ATLANTA – Most of the Hawks’ depth is found in Dikembe Mutombo’s voice. Down 1-0 to the Knicks and facing the big test last night, he went to the testosterone.
“Yes, we will win the game tonight,” the big Atlanta center boomed yesterday morning. Hey, when your team is courting trouble, there’s not much use for the treble. The Hawks were determined to set a different tone last night, starting with baritone.
The Knicks had a great time Tuesday night looking in the funhouse mirror at the distorted reflection of the true Hawks. It shrunk Mutombo into Mudgsy Bogues. At any minute, you expected a Lenny Wilkens rap video to break out.
So Mutombo dug down a few octaves yesterday for another in his series of predictions.
“We have to find a way to stop [Latrell] Sprewell, slow the New York running game,” said Mutombo. “We didn’t shoot the ball very well, they got defensive rebounds and ran. We have to find a way to stop Sprewell. That’s a key to the New York game.”

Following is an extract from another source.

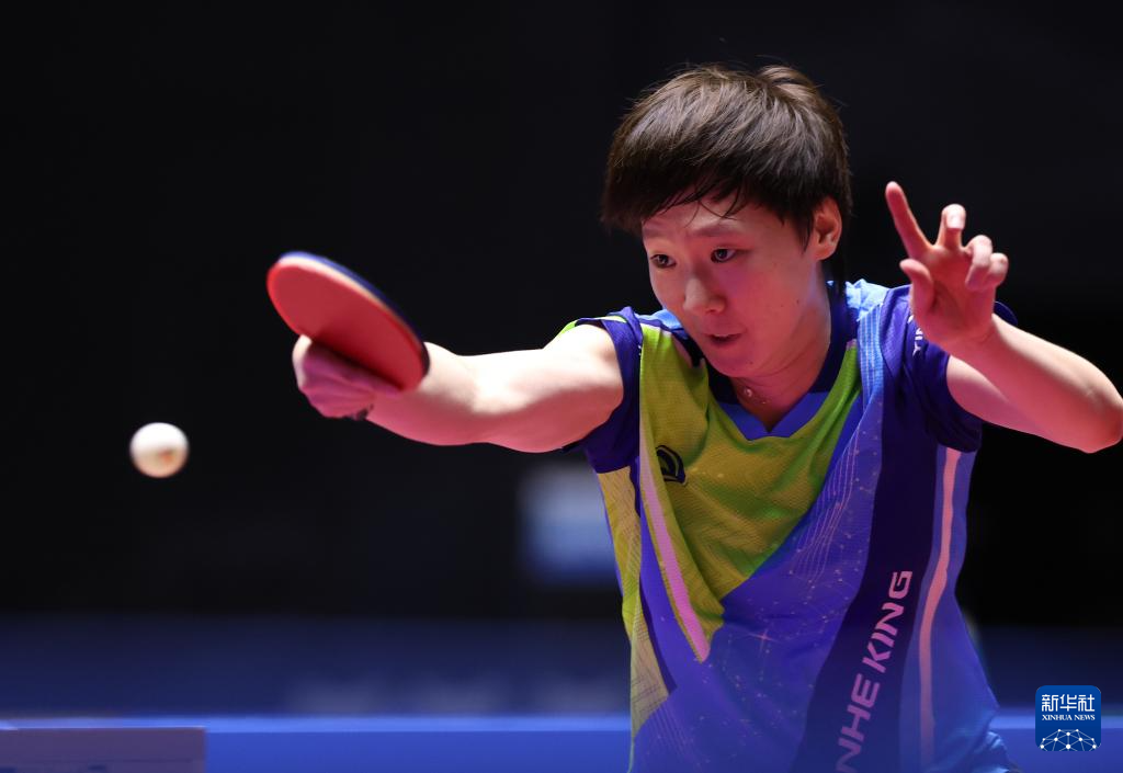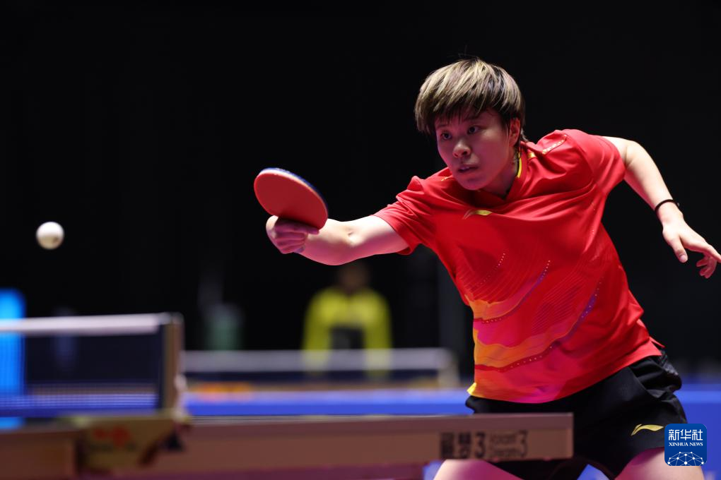 11月13日,黑龙江队选手王曼昱在比赛中回球。

The Hawks reached this revelation after watching the game tapes, which, presumably they had to put into slow motion to study. Those blurs turned out to be the Knicks. Asked for the key to changing the Atlanta fortunes, Wilkens said: “Play better defense. And that’s all that I’m telling you. The rest you have to watch for yourself tonight.”
Hey, you don’t get to be the winningest coach in NBA history without being able to put your finger on the pulse of the problem like that. Houston had 34 points and Sprewell 31 in the opener. If they went off again last night, the Hawks were going off the cliff.
The NBA’s fifth-best rebounding team got beat on the boards by eight in Game One. If that happened again, the track meet would resume, but only after the Knicks did a double take. They had every expectation that after a visit to the candy store in the opener, visits to the dentists would resume in Game 2.
“I really think the rest of the series will be more like what everybody thought coming in,” said Allan Houston.
The Hawks were bringing their screwdrivers with them last night, hoping the guy cast as the screw would not again be Steve Smith, their shooting guard who was in foul trouble the whole game. He still managed to get 25 points on 6-for-17 shooting, which tells you what the guy can do on a bad night, but not to Houston, Smith’s matchup who went off for 34.
“The coaches were not happy at all that he had to go to the bench, in the first part of the game and the third quarter, especially when we made that run,” said Mutombo. “The game was going our way. We were posting Steve and he got his fourth foul, that kind of [hurt] what we were doing out there. He’s our best shooter.
“Smitty got into foul trouble and [Houston and Sprewell] just ran on us. I can’t remember a game that a team scored 100 points against us, especially this year or the last two years.”
His memory was as short as his arms as Houston and Sprewell got to the basket at will. “Whenever you shoot like we did, there are going to be less rebounds,” said Jeff Van Gundy. “The [40-32 Knick advantage] is a little bit skewed because of our shooting.”
Also, because of the absence of Alan Henderson with a damaged left eye socket. “Henderson obviously is a very good offensive rebounder,” said Van Gundy. “But [Grant] Long has played very well for them.”
Not on Tuesday night, when the hero of Game 5 of the Detroit series had zero points to go with his seven rebounds. Last night the Hawks needed a lot more from Long, better shooting and shot selection by Mookie Blaylock, plus a more responsive rotation by Wilkens.
The Atlanta coach did not start the third quarter with Chris Crawford, who had shot Atlanta back into the game in the second quarter, and kept Blaylock on the bench when the Hawks were making a belated run.
“Why would I change things in the middle of a run?” asked Wilkens.
To give columnists less to second-guess, that’s why. Mutombo, meanwhile, had 13 rebounds and two blocks that exaggerated his impact on a game in which Patrick Ewing barely played because of foul trouble.
“I must help my teammates set the tone from the beginning,” said Mutombo.
The Hawks, with no bench, had to go deep a different way, ready to rumble like the rumble in their big man’s throat.
“I have business to do,” said Mutombo, and it was urgent, or this series would be over for Atlanta almost before it began.